Recurring Theme: Hilarity Thy Name Is Star Wars
Ohhhhkay, so, as it turns out Vader’s here because he was looking for information. As you will recall, the whole reason he’s on THIS particular crime spree is to find a Jedi to kill and steal from. (What a guy.) With the clones out of his hair for the moment (HA HA JUST KIDDING ANAKIN’S BEAUTIFUL HAIR IS GONE OH I MADE MYSELF AND OBI-WAN SAD), he walks over to a console and then asks his helper droid to help him access the Jedi’s records. He needs access to the Order’s HR files because he’s looking for a particular sort of Jedi:
Yes, here’s a new comical thing for us to talk about: the Barash Vow. So apparently, the people taking this vow were still Jedi, but they were Jedi who had been naughty and needed a time-out. They were required to go be by themselves and have nothing to do with the Order whatsoever.
Well, that had to be pretty goddamn terrifying, yes? You sense the mass-murder of your people, but you can’t do anything about it? I’m sorry, but vow or no vow, I’d have been like HOLY SHIT and run for the hills.
Also, I laughed a lot at this:
You’d think that Anakin would have learned a few lessons this week about not trying to take the easy way out of things, but whatever. I think we all know he’s a slow learner.

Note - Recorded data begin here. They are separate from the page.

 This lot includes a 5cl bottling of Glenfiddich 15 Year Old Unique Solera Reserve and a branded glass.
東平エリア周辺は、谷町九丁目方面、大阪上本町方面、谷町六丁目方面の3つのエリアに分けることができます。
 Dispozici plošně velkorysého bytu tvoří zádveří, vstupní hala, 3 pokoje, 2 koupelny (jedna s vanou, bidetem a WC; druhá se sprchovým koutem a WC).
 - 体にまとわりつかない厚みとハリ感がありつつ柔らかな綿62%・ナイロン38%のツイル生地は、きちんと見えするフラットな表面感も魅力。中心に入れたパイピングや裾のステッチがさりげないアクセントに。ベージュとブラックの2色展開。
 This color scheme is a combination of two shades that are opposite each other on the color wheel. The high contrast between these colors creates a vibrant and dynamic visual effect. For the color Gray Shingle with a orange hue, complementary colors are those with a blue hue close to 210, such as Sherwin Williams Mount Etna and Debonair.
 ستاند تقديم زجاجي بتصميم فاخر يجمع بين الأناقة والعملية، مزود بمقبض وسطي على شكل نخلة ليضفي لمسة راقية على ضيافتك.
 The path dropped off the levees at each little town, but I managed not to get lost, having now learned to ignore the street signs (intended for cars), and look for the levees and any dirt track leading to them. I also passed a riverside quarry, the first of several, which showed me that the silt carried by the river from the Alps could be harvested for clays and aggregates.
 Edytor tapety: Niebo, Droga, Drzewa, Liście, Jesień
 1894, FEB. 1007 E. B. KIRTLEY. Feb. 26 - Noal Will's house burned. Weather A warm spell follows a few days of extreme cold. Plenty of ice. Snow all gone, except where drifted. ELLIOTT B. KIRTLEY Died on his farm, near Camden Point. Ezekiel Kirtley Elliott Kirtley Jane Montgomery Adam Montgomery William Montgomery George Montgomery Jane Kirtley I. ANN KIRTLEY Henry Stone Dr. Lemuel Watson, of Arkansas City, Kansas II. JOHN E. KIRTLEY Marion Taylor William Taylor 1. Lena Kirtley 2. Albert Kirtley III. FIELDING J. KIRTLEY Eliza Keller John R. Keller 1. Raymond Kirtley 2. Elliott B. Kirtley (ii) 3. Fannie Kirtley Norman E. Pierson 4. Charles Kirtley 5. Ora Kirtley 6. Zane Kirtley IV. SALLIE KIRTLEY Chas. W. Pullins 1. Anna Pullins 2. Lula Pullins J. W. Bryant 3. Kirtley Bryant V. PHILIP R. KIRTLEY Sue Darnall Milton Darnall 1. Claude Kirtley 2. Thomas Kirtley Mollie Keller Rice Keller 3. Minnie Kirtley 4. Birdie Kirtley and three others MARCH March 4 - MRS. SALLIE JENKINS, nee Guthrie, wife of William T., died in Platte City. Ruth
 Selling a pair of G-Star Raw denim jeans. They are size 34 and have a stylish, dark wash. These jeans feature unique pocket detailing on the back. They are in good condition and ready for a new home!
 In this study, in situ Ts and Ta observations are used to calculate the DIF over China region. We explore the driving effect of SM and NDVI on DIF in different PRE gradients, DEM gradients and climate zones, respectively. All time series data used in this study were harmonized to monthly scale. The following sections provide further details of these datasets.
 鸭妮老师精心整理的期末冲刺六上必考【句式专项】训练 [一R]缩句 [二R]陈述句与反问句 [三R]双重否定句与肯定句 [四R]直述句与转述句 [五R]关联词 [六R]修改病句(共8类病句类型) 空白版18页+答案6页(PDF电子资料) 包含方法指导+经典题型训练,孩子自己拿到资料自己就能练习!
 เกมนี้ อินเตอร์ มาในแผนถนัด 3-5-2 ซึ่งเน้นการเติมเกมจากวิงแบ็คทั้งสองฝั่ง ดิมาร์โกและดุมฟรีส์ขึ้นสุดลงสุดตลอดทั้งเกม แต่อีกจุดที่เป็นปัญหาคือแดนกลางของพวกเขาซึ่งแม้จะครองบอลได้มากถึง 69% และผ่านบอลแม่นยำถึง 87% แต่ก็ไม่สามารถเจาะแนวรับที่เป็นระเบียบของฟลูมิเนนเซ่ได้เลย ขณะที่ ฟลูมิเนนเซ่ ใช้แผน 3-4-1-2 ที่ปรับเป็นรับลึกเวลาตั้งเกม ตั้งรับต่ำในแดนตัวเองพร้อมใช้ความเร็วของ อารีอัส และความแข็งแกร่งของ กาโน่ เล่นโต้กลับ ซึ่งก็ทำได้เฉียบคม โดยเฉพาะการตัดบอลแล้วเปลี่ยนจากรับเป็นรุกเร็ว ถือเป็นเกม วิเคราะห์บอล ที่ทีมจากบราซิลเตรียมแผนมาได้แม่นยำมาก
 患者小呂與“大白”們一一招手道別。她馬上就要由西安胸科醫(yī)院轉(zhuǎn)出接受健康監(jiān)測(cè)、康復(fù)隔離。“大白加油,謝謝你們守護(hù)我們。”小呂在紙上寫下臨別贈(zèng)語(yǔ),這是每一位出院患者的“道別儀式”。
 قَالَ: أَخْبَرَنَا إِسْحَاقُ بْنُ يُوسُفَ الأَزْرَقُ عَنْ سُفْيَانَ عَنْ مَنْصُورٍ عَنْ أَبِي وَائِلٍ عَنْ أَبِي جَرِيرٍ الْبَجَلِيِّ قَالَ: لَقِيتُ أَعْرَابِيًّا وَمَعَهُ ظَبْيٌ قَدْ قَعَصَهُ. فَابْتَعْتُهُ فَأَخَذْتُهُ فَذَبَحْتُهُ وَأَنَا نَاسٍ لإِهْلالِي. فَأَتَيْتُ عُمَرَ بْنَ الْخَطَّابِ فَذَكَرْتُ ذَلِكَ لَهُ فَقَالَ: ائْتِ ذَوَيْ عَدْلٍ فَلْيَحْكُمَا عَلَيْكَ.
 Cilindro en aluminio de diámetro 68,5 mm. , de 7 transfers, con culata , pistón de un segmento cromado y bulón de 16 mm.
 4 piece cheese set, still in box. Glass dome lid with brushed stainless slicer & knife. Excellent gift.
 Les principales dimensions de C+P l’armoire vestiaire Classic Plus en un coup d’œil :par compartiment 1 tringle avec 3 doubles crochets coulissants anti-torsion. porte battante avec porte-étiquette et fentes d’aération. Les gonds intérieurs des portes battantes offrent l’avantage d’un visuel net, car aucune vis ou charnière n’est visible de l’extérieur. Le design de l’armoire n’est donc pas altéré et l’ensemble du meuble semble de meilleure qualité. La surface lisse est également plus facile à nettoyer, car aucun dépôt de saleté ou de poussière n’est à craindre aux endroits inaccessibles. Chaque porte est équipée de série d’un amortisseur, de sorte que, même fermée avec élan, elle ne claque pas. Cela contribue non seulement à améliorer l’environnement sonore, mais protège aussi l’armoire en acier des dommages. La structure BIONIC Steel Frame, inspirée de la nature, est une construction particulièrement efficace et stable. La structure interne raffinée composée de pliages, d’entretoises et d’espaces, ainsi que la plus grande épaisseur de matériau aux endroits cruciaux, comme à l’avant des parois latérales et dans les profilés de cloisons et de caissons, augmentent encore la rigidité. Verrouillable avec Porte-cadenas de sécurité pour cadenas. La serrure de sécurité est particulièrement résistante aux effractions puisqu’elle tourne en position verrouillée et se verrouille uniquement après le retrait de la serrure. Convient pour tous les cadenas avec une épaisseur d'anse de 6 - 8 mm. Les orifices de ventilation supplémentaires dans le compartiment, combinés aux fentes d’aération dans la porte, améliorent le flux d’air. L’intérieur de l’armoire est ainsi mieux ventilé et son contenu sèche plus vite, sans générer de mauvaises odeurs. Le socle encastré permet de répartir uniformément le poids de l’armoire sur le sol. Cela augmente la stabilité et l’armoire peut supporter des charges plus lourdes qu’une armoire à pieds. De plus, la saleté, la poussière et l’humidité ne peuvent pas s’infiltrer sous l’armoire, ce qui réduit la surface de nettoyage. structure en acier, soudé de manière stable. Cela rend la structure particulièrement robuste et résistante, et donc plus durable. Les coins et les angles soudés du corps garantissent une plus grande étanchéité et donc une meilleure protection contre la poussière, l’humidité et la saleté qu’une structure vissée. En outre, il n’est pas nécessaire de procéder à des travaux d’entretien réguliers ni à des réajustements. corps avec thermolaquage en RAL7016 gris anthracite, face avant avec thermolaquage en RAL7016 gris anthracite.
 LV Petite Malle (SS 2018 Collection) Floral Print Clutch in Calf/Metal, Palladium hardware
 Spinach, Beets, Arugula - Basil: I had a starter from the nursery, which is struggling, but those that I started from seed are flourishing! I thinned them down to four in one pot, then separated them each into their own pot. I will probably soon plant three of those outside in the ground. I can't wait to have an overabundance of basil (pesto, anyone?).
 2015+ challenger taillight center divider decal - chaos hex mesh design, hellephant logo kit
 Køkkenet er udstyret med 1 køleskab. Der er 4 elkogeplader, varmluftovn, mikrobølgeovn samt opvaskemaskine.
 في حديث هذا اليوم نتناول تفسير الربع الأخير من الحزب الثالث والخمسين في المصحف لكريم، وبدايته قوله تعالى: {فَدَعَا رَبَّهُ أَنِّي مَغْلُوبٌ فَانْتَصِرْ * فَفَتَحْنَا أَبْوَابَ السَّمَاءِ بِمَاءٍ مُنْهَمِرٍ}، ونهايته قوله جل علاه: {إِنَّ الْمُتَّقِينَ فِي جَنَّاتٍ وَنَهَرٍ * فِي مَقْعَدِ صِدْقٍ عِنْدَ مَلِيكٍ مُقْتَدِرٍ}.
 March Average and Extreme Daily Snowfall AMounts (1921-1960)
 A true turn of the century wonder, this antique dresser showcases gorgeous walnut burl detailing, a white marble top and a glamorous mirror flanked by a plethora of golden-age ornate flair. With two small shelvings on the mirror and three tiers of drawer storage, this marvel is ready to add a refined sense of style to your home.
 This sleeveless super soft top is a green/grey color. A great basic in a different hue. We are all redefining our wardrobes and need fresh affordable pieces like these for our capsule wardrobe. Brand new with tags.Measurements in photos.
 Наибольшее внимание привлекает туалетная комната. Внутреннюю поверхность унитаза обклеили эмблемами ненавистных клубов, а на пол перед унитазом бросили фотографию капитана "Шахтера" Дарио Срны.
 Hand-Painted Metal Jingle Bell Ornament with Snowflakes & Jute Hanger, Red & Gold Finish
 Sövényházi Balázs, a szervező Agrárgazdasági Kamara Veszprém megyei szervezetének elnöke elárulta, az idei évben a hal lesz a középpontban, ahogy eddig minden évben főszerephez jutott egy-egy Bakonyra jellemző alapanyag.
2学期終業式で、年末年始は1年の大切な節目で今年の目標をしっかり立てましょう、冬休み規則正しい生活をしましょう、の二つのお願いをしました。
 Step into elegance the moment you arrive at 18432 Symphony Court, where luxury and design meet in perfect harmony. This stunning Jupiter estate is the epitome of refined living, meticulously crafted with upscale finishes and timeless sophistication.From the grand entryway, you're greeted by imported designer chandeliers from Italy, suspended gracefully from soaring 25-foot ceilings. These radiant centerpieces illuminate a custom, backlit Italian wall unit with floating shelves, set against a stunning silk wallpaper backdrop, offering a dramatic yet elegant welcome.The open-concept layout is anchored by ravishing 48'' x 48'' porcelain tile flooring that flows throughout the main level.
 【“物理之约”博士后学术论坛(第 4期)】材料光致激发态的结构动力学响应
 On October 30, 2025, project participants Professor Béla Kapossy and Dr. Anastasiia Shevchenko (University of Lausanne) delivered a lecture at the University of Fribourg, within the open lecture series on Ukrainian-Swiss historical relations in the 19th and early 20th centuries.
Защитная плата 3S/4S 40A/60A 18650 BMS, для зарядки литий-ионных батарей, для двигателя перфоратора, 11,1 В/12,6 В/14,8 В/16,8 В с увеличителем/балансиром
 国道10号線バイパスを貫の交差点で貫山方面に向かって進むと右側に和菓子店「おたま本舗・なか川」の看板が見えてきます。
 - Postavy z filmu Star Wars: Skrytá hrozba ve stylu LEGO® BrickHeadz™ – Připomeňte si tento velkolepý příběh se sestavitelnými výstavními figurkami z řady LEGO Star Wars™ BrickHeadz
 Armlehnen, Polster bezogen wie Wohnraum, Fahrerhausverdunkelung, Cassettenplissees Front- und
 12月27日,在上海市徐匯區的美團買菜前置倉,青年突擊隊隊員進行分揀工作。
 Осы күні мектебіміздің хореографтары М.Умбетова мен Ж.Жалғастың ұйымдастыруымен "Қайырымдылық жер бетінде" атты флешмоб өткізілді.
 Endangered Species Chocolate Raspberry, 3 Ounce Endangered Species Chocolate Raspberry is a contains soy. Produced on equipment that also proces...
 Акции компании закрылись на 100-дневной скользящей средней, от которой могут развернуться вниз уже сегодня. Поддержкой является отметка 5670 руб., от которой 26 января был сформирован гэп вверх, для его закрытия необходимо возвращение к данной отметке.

I Think Sidious Already Has One Of Those
Ding and Kicker reappear now and hurl a grenade thing at Vader, forcing him to hold it at bay with the Force. While they’ve got him cornered and unable to strike them, Ding decides that their best bet would be to take him prisoner.
They begin to speculate on all the great stuff they’ll get for taking custody of this mysterious Jedi they’ve found:
…awwww. These guys. They point out that there’s nothing a Jedi can do to them while he’s trying to keep that grenade from exploding!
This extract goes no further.